29.20	28.6	25.87	21.00
a	a	b

Now we have to consider whether or not the second-largest and third-largest differ significantly. This is a step that sets up a back-and-forth process. Here \(28.6 - 25.87 = 2.73\), less than the critical \(w\) of 2.824, so these two means do not differ significantly. We need to add a factor of "b" to show this:

29.20	28.6	25.87	21.00
a	ab	b

Continuing down the line, we now calculate the next difference: \(28.60 - 21.00=7.60\), exceeding the critical \(w\), so we now add a "c":

29.20	28.6	25.87	21.00
a	ab	b	c

Again, we need to go back and check to see if the third-largest also differs from the smallest: \(25.87 - 21.00=4.87\), which it does. So we are done.

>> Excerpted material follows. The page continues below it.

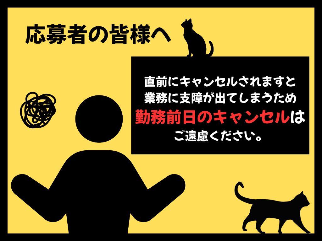 【お願い】 前日や直前のキャンセルはご遠慮ください。 応募いただいた方も含めた人数でシフトを組んでおります。 前日や直前にキャンセルされてしまいますと、 代わりのスタッフも見つけることもできず、人数が足りなくなります。 ご都合はあるかと思いますが、直前のキャンセルはどうかお控えください。 【合流】 集合場所は必ず地図をご確認ください。遅刻は厳禁です。 勤務先に到着しましたら「スポットバイトルで働きにきました」とお伝えください。 入口が分からない、道に迷った場合は緊急連絡先へお電話をお願いします。 万が一遅れる場合には緊急連絡先までお電話ください。 日付や求人内容をよく読んでからのご応募お願いします。 【感染症対策】 起床時に必ず検温を行い、37.5℃を超える場合はすぐにキャンセルをお願いいたします。 【長期勤務希望の方も歓迎しています】
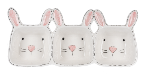 CB199241 Rabbit Triple Serving Dish 11" x 5" x 2" Ceramic Decor, Tray, Easter, Spring, Summer, Bunny, Animal, Plate

These letters can be added to figures summarizing the results of the ANOVA.

The Tukey procedure explained above is valid only with equal sample sizes for each treatment level. In the presence of unequal sample sizes, more appropriate is the Tukey-Cramer Method, which calculates the standard deviation for each pairwise comparison separately. This method is available in SAS, R, and most other statistical softwares.